Personal information
- Full name: Justin Morrow
- Date of birth: October 4, 1987 (age 38)
- Place of birth: Cleveland, Ohio, United States
- Height: 5 ft 9 in (1.75 m)
- Position: Full-back

College career
- Years: Team / Apps / (Gls)
- 2006–2009: Notre Dame Fighting Irish / 89 / (7)

Senior career*
- Years: Team / Apps / (Gls)
- 2007: Indiana Invaders / 8 / (1)
- 2008: Cleveland Internationals / 14 / (11)
- 2009: Chicago Fire Premier / 15 / (1)
- 2010–2013: San Jose Earthquakes / 71 / (2)
- 2010: → FC Tampa Bay (loan) / 5 / (0)
- 2011: → FC Tampa Bay (loan) / 2 / (0)
- 2014–2021: Toronto FC / 207 / (17)
- Total:  / 322 / (32)

International career
- 2013–2018: United States / 4 / (0)

Medal record
Representing United States
Men's soccer
CONCACAF Gold Cup
| Winner | 2017 United States |  |

= Justin Morrow =

American soccer player

Justin Morrow (born October 4, 1987) is an American former professional soccer player who played as a defender.

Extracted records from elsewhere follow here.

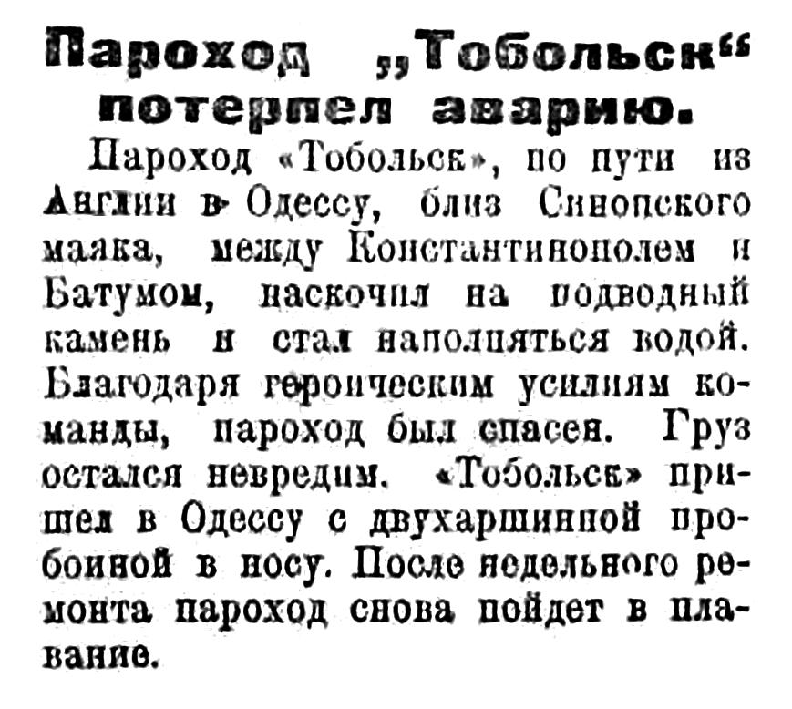 Пароход "Тобольск", по пути из Англии в Одессу, близ Синопского маяка, между Константинополем и Батумом, наскочил на подводный камень и стал наполняться водой. Благодаря героическим усилиям команды, пароход был спасен. Груз остался невредим. "Тобольск" пришел в Одессу с двухаршинной пробоиной в носу. После недельного ремонта пароход снова пойдет в плавание.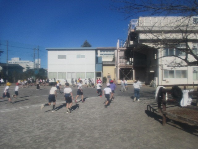 12月18日(木)インフルエンザの流行で開始期間が変更になった体力向上の取組の一つである「RUNRUNタイム」が、この日から始まりました。校庭に集まった子どもたちは、準備体操をした後で3分間走ります。目標は同じペースで走り続けることです。翌週には5分間走と、時間を伸ばして実施する予定です。この日は天気も良く、みんな気持ちよさそうに走っていました。終わった後には、「6週走った」など、自分の頑張りを友だちと一緒に報告し合っていました。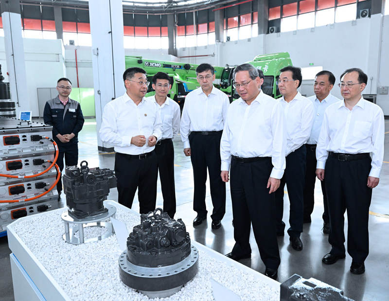 李强先后来到徐州市、南京市,走进企业、科研院所、工程现场、贸易合作平台等,深入了解经济运行情况。在江苏汇智高端工程机械创新中心有限公司,李强听取实验项目等汇报,察看核心零部件和产品。他指出,工程机械行业高端化、智能化、绿色化发展是大势所趋。要对标国际先进水平,积极运用人工智能、清洁能源等技术,推动产业转型升级。要聚合行业资源,搭建大中小企业协同创新平台,促进企业优势互补、相互赋能。在深地科学与工程云龙湖实验室,李强听取相关技术装备研发进展等介绍,希望大家把科技创新和产业需求有效结合,推进重大原始创新和技术突破,加快产业化落地和市场应用推广。在南京原子制造研究所,李强了解原子级制造技术发展等情况,勉励他们锚定新领域新赛道,加强前瞻性布局,深入开展基础研究,推动跨学科交叉融合创新和开放合作,抢占未来科技和产业发展制高点。

Morrow is the executive director of Black Players for Change, which in 2020 won the MLS Humanitarian of the Year Award.

== College and amateur career ==
Morrow attended Saint Ignatius High School, where he was an adidas/NSCAA high school All-American.

He played college soccer at the University of Notre Dame. He was a Big East Academic All-Star in both his sophomore and junior years as well as his team's captain during his senior season. He made 89 appearances and scored seven goals during his college career.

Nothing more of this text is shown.